## Exercise objective
Produce a word-for-word copy of the lines from the one that contains "点击选中商品分类模块,左侧切" to the final line of the data below, with all pictures dropped.

BEGIN Data to examine

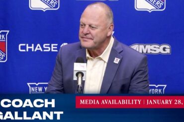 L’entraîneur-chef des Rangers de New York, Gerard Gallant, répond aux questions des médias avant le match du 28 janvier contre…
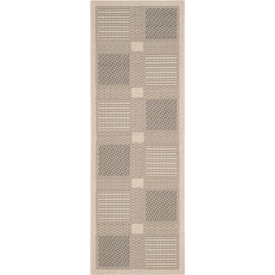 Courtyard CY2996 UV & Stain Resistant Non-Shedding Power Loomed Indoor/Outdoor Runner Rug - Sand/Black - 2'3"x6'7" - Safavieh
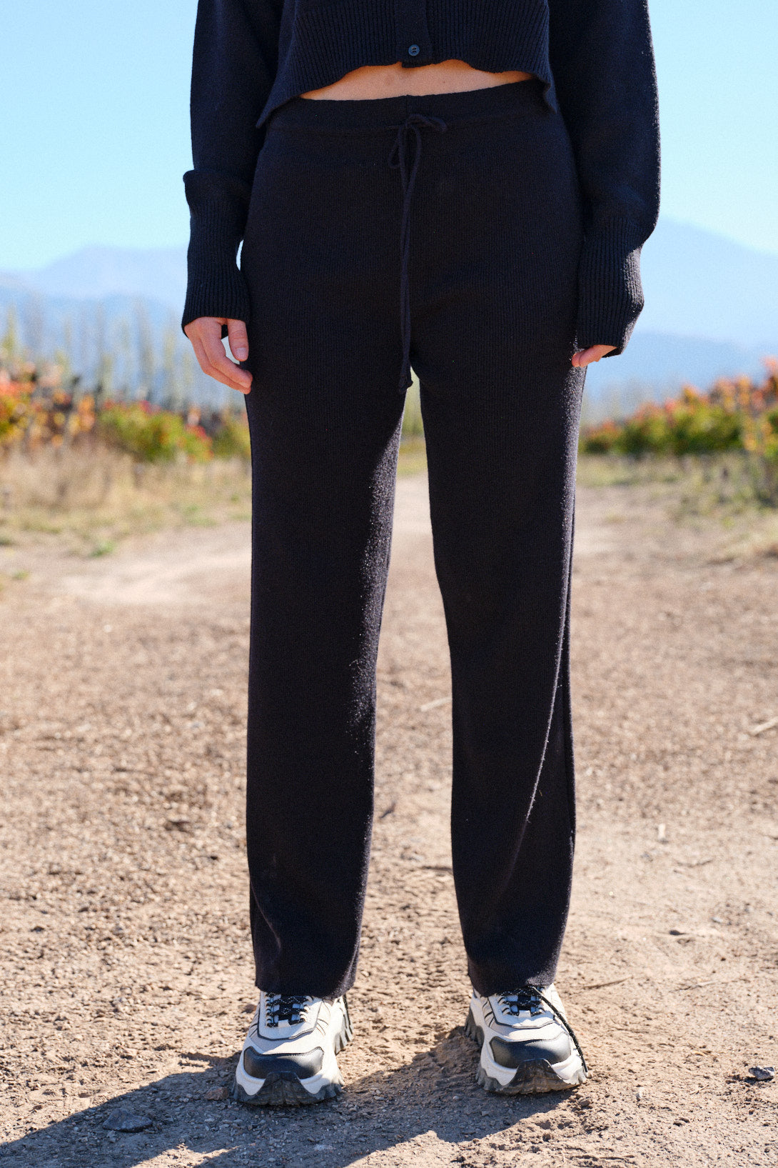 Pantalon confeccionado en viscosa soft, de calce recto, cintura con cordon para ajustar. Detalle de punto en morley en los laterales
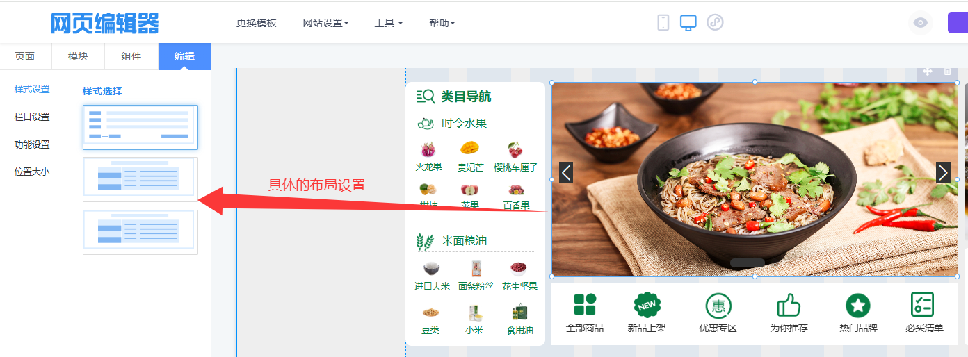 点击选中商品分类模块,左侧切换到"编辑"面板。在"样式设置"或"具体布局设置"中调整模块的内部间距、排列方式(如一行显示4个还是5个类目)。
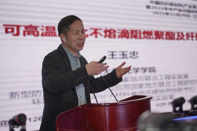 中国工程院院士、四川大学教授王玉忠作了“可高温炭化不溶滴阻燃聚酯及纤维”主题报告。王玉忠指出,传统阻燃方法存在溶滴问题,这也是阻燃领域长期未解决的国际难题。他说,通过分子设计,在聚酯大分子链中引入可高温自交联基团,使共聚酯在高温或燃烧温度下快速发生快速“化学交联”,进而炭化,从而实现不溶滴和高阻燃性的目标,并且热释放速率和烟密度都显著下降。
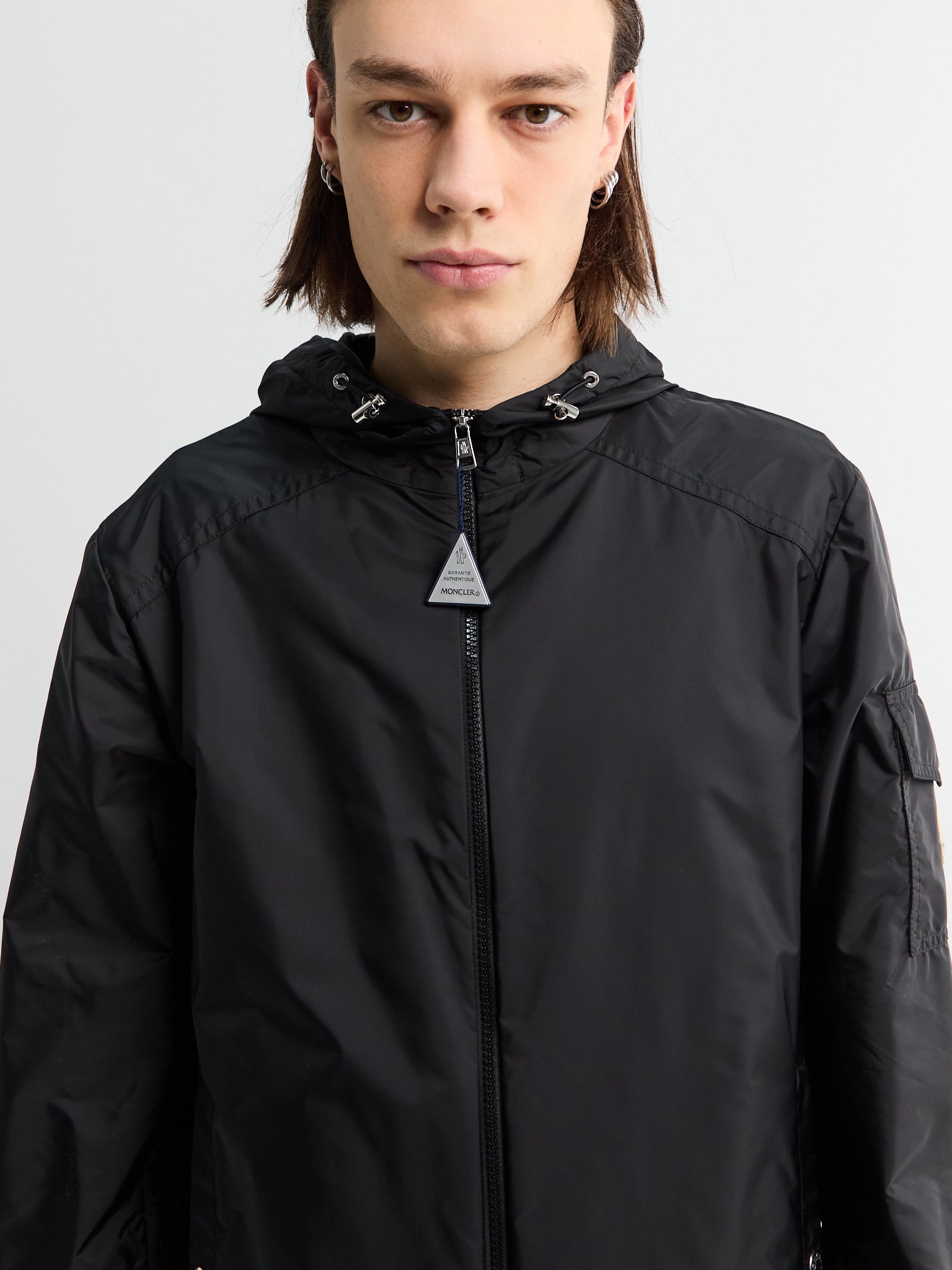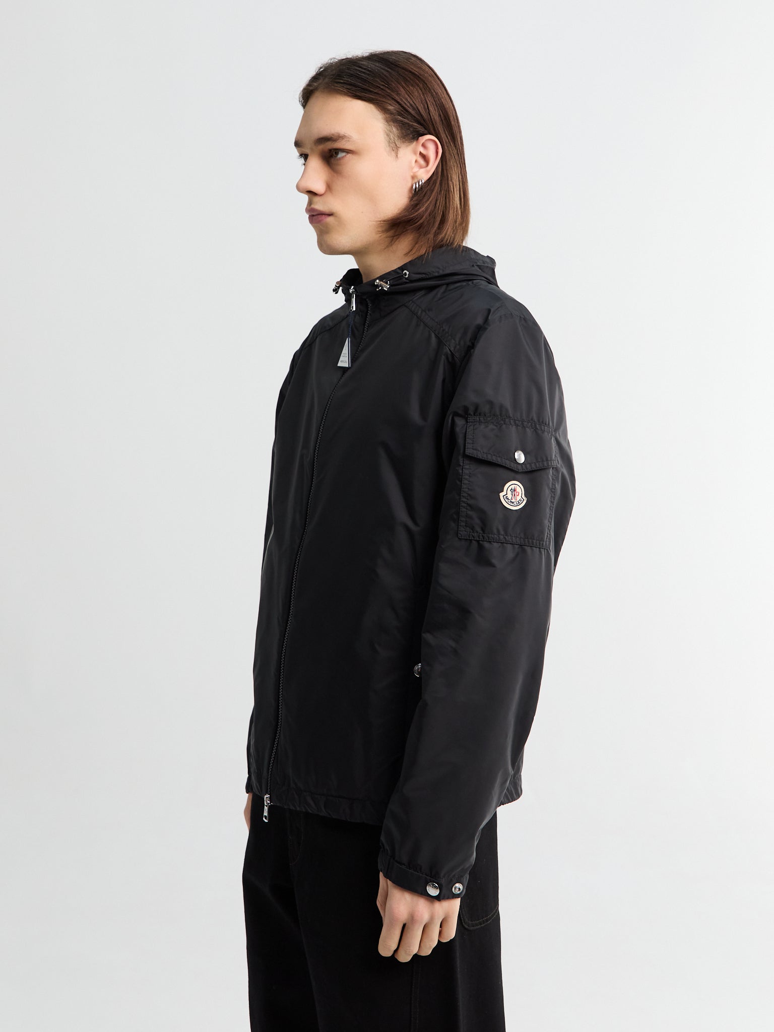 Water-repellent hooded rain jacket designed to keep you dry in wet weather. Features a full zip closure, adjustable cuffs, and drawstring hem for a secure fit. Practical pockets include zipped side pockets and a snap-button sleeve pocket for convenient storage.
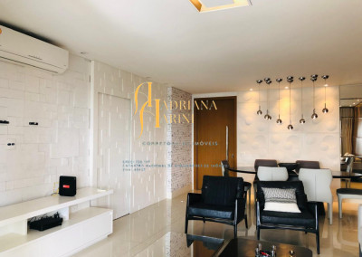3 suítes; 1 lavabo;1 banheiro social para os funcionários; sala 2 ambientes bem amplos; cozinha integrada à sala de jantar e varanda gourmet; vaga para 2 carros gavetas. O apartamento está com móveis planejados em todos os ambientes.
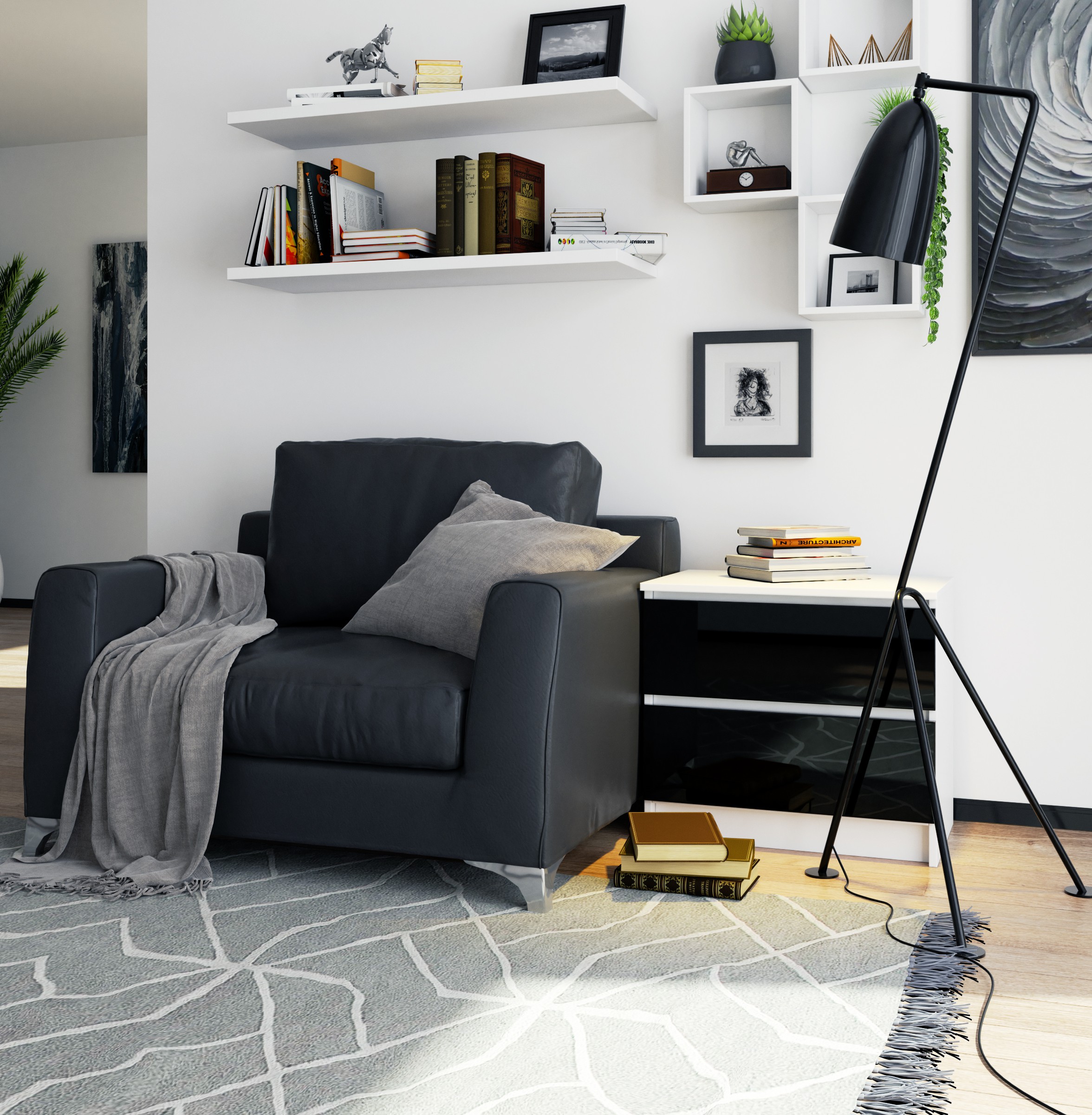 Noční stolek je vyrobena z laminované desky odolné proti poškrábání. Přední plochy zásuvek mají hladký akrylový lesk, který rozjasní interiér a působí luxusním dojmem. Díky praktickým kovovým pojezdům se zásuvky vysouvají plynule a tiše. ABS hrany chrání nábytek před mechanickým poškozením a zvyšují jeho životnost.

END Data to examine

## Response to this exercise
 点击选中商品分类模块,左侧切换到"编辑"面板。在"样式设置"或"具体布局设置"中调整模块的内部间距、排列方式(如一行显示4个还是5个类目)。
 中国工程院院士、四川大学教授王玉忠作了“可高温炭化不溶滴阻燃聚酯及纤维”主题报告。王玉忠指出,传统阻燃方法存在溶滴问题,这也是阻燃领域长期未解决的国际难题。他说,通过分子设计,在聚酯大分子链中引入可高温自交联基团,使共聚酯在高温或燃烧温度下快速发生快速“化学交联”,进而炭化,从而实现不溶滴和高阻燃性的目标,并且热释放速率和烟密度都显著下降。
 Water-repellent hooded rain jacket designed to keep you dry in wet weather. Features a full zip closure, adjustable cuffs, and drawstring hem for a secure fit. Practical pockets include zipped side pockets and a snap-button sleeve pocket for convenient storage.
3 suítes; 1 lavabo;1 banheiro social para os funcionários; sala 2 ambientes bem amplos; cozinha integrada à sala de jantar e varanda gourmet; vaga para 2 carros gavetas. O apartamento está com móveis planejados em todos os ambientes.
 Noční stolek je vyrobena z laminované desky odolné proti poškrábání. Přední plochy zásuvek mají hladký akrylový lesk, který rozjasní interiér a působí luxusním dojmem. Díky praktickým kovovým pojezdům se zásuvky vysouvají plynule a tiše. ABS hrany chrání nábytek před mechanickým poškozením a zvyšují jeho životnost.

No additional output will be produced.